Upper Cook Inlet commercial salmon fishermen may see an improvement in their catch this summer with the Alaska Department of Fish and Game forecasting a total sockeye run of around 6 million fish.
Escapement will likely take up 2 million of those drainage-wide, leaving around 3 million sockeye for commercial harvest and the rest expected to be harvested in the sport, subsistence and personal-use fisheries.
The forecast, which was released last Friday, looks for an increase of about 200,000 sockeye salmon above the 20-year average in the Kenai River, the main driver of the fishery. The Kenai River forecast is for a total run of about 3.8 million; the 20-year average is 3.6 million fish.
That forecast means ADF&G is looking for escapement of 1 to 1.3 million sockeye. The Kenai River is the only one in the state with three different escapement goals based on run size, a bone of contention for commercial fishermen as there is no biological reason for the regulation and has led to chronic overescapement.
A commercial harvest of 3 million sockeye would be a welcome change over last season, when only 800,000 were caught. The total run was only 3.1 million, 1.5 million below forecast.
ADF&G forecasts four rivers in the drainage: Kenai, Kasilof, Susitna rivers and Fish Creek.
In addition to the Kenai River, the Kasilof River is expected to see a fairly strong run of about 873,000 sockeye, above last season’s forecast of 866,000. Last season that run fell short of forecast by 19 percent but went above the top end of its escapement goal of 340,000 sockeye by nearly 60,000 fish.
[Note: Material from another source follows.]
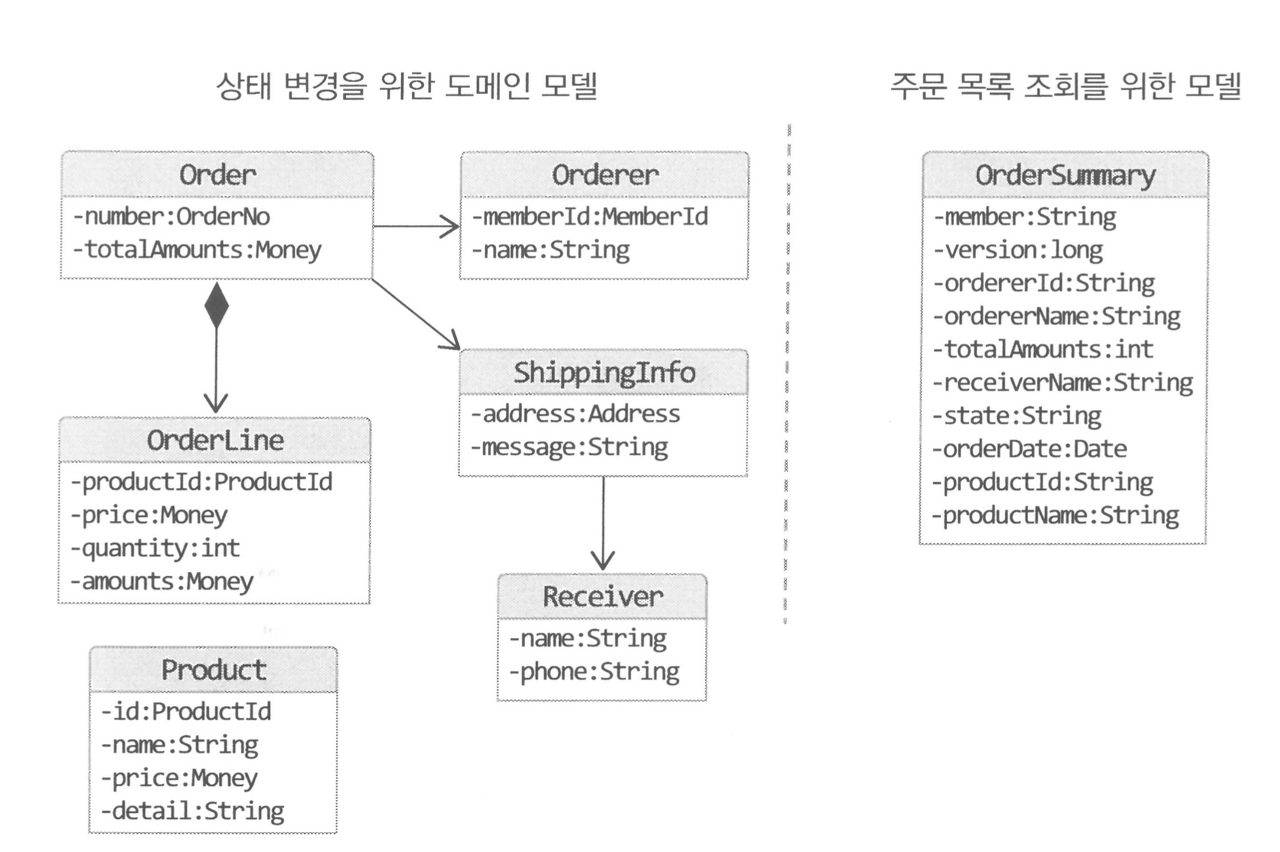 주문 내역 조회 기능을 구현하기 위해서는 주문 애그리거트와 연관된 여러 애그리거트에서 데이터를 가져와야 한다. Order, Product, Member … 즉시로딩으로 처리해야 할지, 지연로딩으로 처리해야 할지, 아니면 JPA 네이티브 쿼리를 사용해야 할지 고민이 많아진다. 그 이유는, 조회와 애그리거트 상태 변경을 구분하지 않기 때문이다. 조회의 경우 하나의 애그리거트만 수정하면 되지만, 조회는 모든 애그리거트를 JOIN 등을 통해 전부 찾아야 하기 때문에 하나의 DB 모델만으로는 조회 성능을 향상시키는 데 한계가 있다.
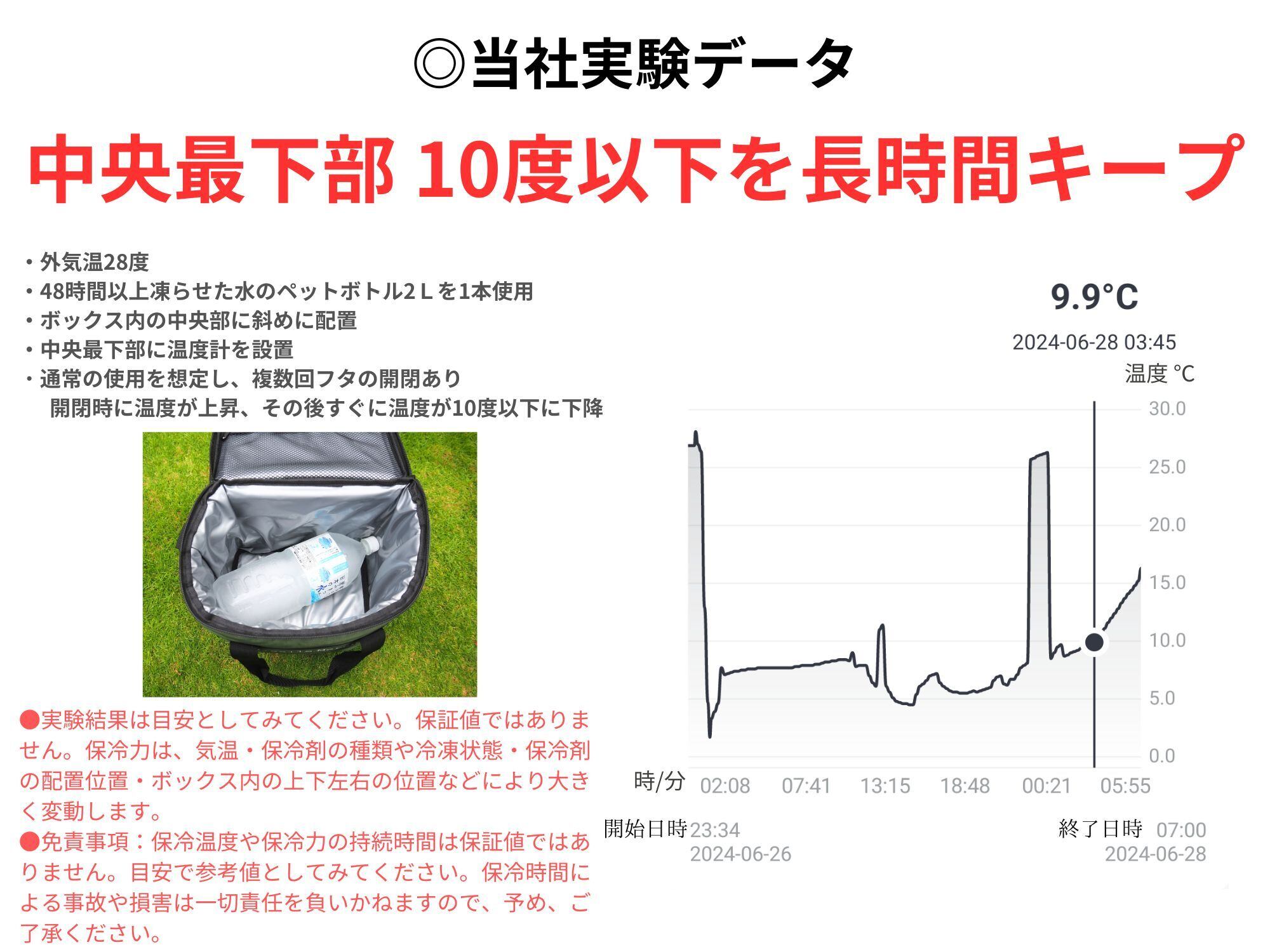 2.ボックス最下部中央の温度10度以下を長時間キープ!(凍らせたペットボトル水2Lを1本使用した場合の当社実験データによる*保証値ではありません)

That was in spite of four days of fishing in the Kasilof River Special Harvest Area, directly in the mouth of the river.
The over-escapement was a result of slow returns to the Kenai River that resulted in the commercial fishery being shut down for much of July in every area except the KRSHA.
There may be some trouble on the horizon, though. ADF&G has already announced the emergency closure of the directed commercial fishery for king salmon in the Northern District, as well as shutting down all king salmon sport fishing in the entire Susitna drainage, including the Deshka River. If weir counts, guide logbooks, fishwheels, boat surveys and aerial surveys show sufficient run strength there may be fishing opportunity.
ADF&G states that the restrictions are necessary to preserve stocks for future runs.